Other changes include: pit selection based on the qualifying performance from the previous race at the same type of track (oval or street/road course), a new location for the pit commit line at each track and increased time for the first practice of a race.

Sunoco becomes the fuel supplier for the series this year. Firestone continues to be the sole tire distributor. But Firestone will exit the sport at the conclusion of this season.

Recently, the series announced a maximum of 26 cars will make up the starting field for all races, excluding the Indianapolis 500 and the Las Vegas finale. The Indy 500 will maintain its traditional 33-car field, while Las Vegas will include a field of 30 to accommodate additional entries (non-IndyCar competitors) participating in the $5 million challenge.
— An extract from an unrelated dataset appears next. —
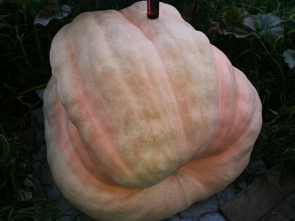 my 1546 hoping to get me a Howard Dill Award....doh! i am gonna post multiple pics to show of this weirdo.....no idea if she will go heavy or light. 70 days old and about 1060 lbs estimate. if you read my last years diary i said who knows what freaky shapes the combo of my 1546 pumpkin and 1381 progeny last year the 1085 shenoha might produce. lol.

IndyCar will run on the streets of downtown Baltimore for the first time this year. The September 4 Baltimore Grand Prix will be the final road/street course on the schedule.

Las Vegas and New Hampshire return to the series after each track was absent from the schedule for more than a decade. The series did not run at Milwaukee last year, but the flat one-mile track was added for this season.

Texas is a "double-header." The June 11 Firestone Twin 275s will pay half the points and half the bonus prizes for each event. A blind draw will determine the starting field for the second race. Traditional oval qualifying will set the grid for the first one.

The last IndyCar double-header occurred under CART sanction in 1981 at Atlanta, with Rick Mears winning both of those races.